The responsibility of toxicologists is to assess whether foods derived through biotechnology are at least as safe as their conventional counterparts and to ascertain that any levels of additional risk are clearly defined. In achieving this goal, it is important to recognize that it is the food product itself, rather than the process through which it is made, that should be the focus of attention. In assessing safety, the use of the substantial equivalency concept provides guidance as to the nature of any new hazards.
Scientific analysis indicates that the process of BD food production is unlikely to lead to hazards of a different nature from those already familiar to toxicologists. The safety of current BD foods, compared with their conventional counterparts, can be assessed with reasonable certainty using established and accepted methods of analytical, nutritional, and toxicological research.

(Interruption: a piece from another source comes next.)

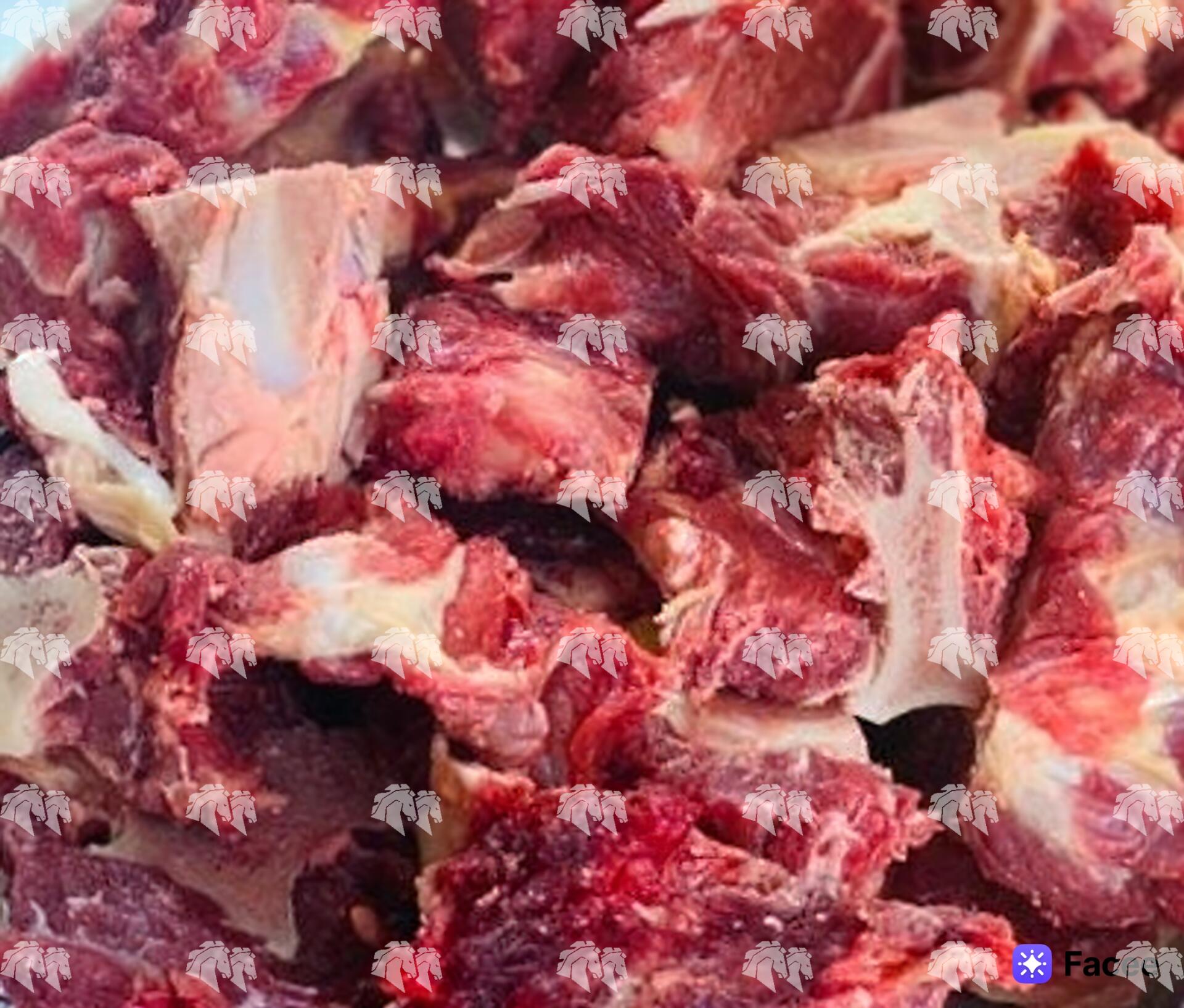 Рагу говяжье. Полуфабрикат из говядины мелкокусковой мясокостный категории Г. Мясокостные куски массой от 30 до 100 г с наличием мякотной ткани не менее 20% к массе полуфабриката.

A significant limitation may occur in the future if transgenic technology results in more substantial and complex changes in a foodstuff. Methods have not yet been developed by which whole foods (as compared with single chemical components) can be fully evaluated for safety. Progress also needs to be made in developing definitive methods for the identification and characterization of protein allergens, and this is currently a major focus of research. Improved methods of profiling plant and microbial metabolites, proteins, and gene expression may be helpful in detecting unexpected changes in BD organisms and in establishing substantial equivalence.

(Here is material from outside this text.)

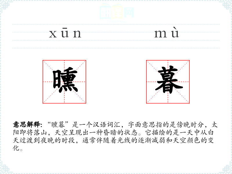 “曛暮”一词源自古代汉语,其构成部分“曛”意为日落时的余晖,“暮”则指夜晚的开始。在古代文学中,这个词汇经常出现,用以描绘特定的情感和场景。随着时间的推移,虽然在日常口语中使用频率降低,但在文学和艺术领域仍保持其独特的韵味。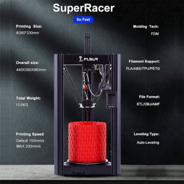 Bei dem 3D-Drucker-Modell Super Racer aus dem Hause FLSUN handelt es sich um einen sehr preiswerten FDM-Desktop-3D-Drucker, der die 3D-Druck-Ideen im Handumdrehen wahr werden lässt und die Bedürfnisse einer großen Anzahl von Zielgruppen erfüllt. Der Super Racer, vom Bautyp ein Delta-3D-Drucker, verfügt über zahlreiche smarte Funktionen, darunter 4 ultra-leise TMC2209 Steppertreiber, einen kapazitativen 3,5-Zoll-großen Farb-Touchscreen sowie eine automatische Bettnivellierung.

The level of safety of current BD foods to consumers appears to be equivalent to that of traditional foods. Verified records of adverse health effects are absent, although the current passive reporting system would probably not detect minor or rare adverse effects, nor can it detect a moderate increase in common effects such as diarrhea. However, this is no guarantee that all future genetic modifications will have such apparently benign and predictable results. A continuing evolution of toxicological methodologies and regulatory strategies will be necessary to ensure that this level of safety is maintained.